Definitions

from The American Heritage® Dictionary of the English Language, 5th Edition.

  • noun An empty space or a missing part; a gap.
  • noun Anatomy A cavity, space, or depression, especially in a bone, containing cartilage or bone cells.

from The Century Dictionary.

  • noun A pit or hollow.
  • noun A gap; a hiatus; especially, a vacancy caused by the omission, loss, or obliteration of something necessary to continuity or completeness.
  • noun In conchology, the typical genus of Lacunidæ.

from the GNU version of the Collaborative International Dictionary of English.

  • noun A small opening; a small pit or depression; a small blank space; a gap or vacancy; a hiatus.
  • noun (Biol.) A small opening; a small depression or cavity; a space, as a vacant space between the cells of plants, or one of the spaces left among the tissues of the lower animals, which serve in place of vessels for the circulation of the body fluids, or the cavity or sac, usually of very small size, in a mucous membrane.

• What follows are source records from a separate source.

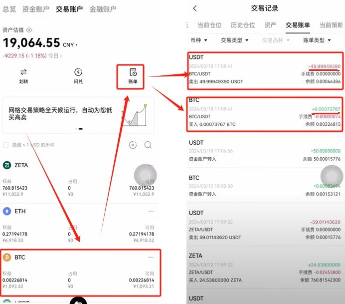 购买成功之后,在交易账户里面可以看到我们购买的比特币。因为这里之前有一点点比特币,所以不确定是不是自己买的。我们可以点击右上角的【账单】来查看交易记录。你刚才购买的比特币是用USDT购买的比特币,花了49.999949个USDT。你能得到的比特币在下方显示+0.00073767个。下边还有手续费、余额他都会一目了然的给你标记出来。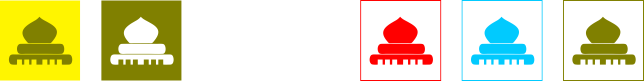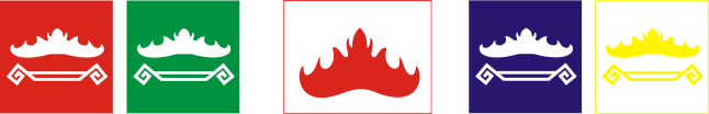 Lambang persegi yang dipakai untuk tempat-tempat lain selain bendera bisa sesederhana di atas. Berupa perisai berwarna jingga. Atau kalau mau, pakai gambar orang tani atau ikan kayak di logo tengah di atas, bisa juga walau aneh.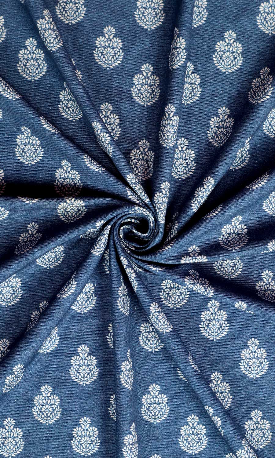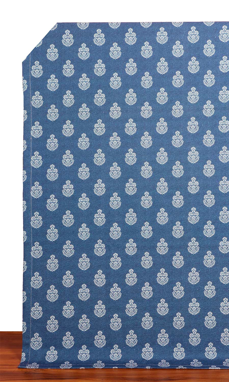 Carrying the simple elegance of the Indian 'booti' motif from the sun-drenched deserts of Rajasthan to the comfort of your home, 'French Haze' makes a beautiful eclectic piece with an oriental flair. Its beautiful block-printed florals - stylised pine cones with damask-like details - offer a refined yet relaxed look, rich in handcrafted elegance. Woven from pure cotton, the fabric is breathable, skin-friendly, and effortlessly welcoming.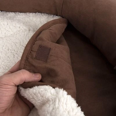 The soft and cuddly cover of the Oval Memory Foam Dog Bed is completely removable from the visco-elastic mattress and can be hygienically cleaned in the washing machine. The easy-care blanket, with warming sheepskin on one side, fastens easily to the bed with Velcro and can be quickly cleaned when needed. The thickness of the mattress allows for a raised entry that is particularly suitable for older dogs.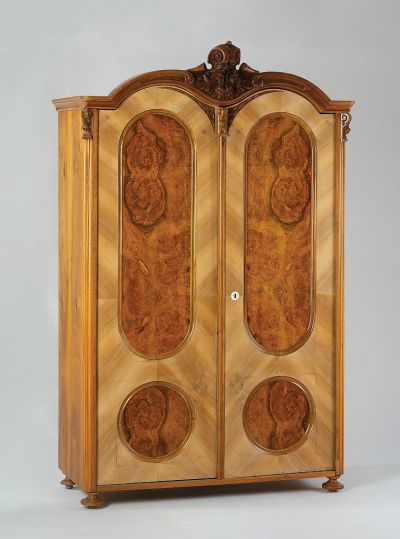 Négy, lapított, pogácsa alakú lábon áll. Álló hasáb formájú, kétajtós. Az ajtókon lent kerek, fent nyújtott, hosszovális, bemélyülő betétmező. Pilaszterei rózsás fejezetűek. ívelten tagolt zárópárkányának közepén faragott csigás, leveles, rózsás díszítmény. Az egyik szekrény baloldalán bévül, fent "KATHARINA STAMER", a másik szekrény hátfalán "KS", illetve tetején belül "KATHARINA STAMER" jelzés: az ajándékozó nagyanyjának beégetett neve.

from Wiktionary, Creative Commons Attribution/Share-Alike License.

  • noun A small opening; a small pit or depression; a small blank space; a gap or vacancy; a hiatus.
  • noun An absent part, especially in a book or other piece of writing, often referring to an ancient manuscript or similar.
  • noun microscopy A space visible between cells, allowing free passage of light.
  • noun linguistics A language gap, which occurs when there is no direct translation in the target language for a lexical term found in the source language

from WordNet 3.0 Copyright 2006 by Princeton University. All rights reserved.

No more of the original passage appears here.